EXERCISE:
When you reach the line containing "- измерете малка" in the records below, start copying exactly, and stop once you have copied the line containing "質問2は、「HUNTER」の".

GIVEN RECORDS:
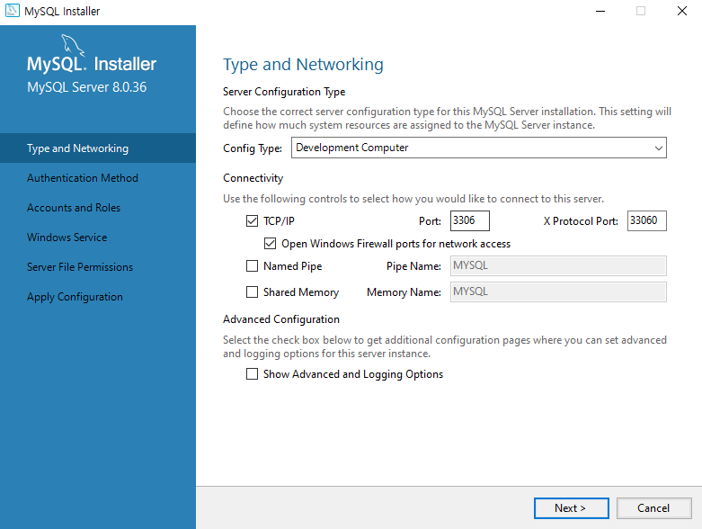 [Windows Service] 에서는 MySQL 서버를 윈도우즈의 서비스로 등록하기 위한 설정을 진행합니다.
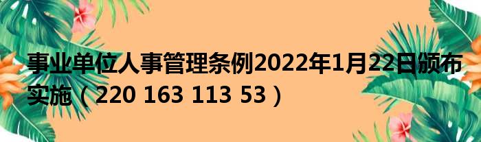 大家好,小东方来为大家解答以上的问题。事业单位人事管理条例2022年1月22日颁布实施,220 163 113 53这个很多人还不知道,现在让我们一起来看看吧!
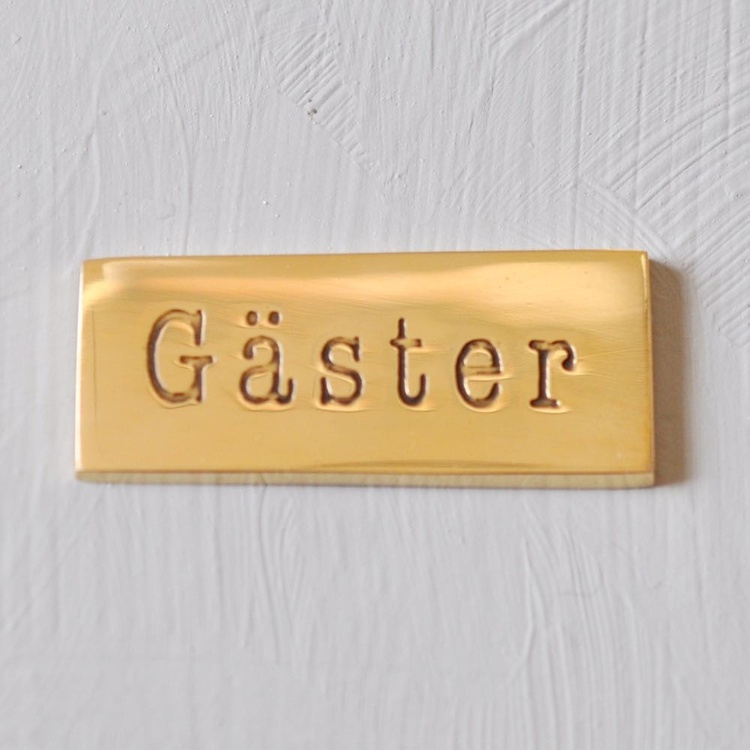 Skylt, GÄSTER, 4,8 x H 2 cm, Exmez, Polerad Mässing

...

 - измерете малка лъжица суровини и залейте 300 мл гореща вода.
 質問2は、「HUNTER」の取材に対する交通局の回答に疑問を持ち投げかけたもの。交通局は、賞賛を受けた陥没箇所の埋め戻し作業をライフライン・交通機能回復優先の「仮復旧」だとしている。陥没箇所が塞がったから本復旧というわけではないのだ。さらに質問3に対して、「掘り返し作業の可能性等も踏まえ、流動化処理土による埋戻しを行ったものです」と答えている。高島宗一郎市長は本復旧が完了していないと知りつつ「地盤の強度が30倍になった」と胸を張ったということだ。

WRITTEN RESPONSE:
 - измерете малка лъжица суровини и залейте 300 мл гореща вода.
 質問2は、「HUNTER」の取材に対する交通局の回答に疑問を持ち投げかけたもの。交通局は、賞賛を受けた陥没箇所の埋め戻し作業をライフライン・交通機能回復優先の「仮復旧」だとしている。陥没箇所が塞がったから本復旧というわけではないのだ。さらに質問3に対して、「掘り返し作業の可能性等も踏まえ、流動化処理土による埋戻しを行ったものです」と答えている。高島宗一郎市長は本復旧が完了していないと知りつつ「地盤の強度が30倍になった」と胸を張ったということだ。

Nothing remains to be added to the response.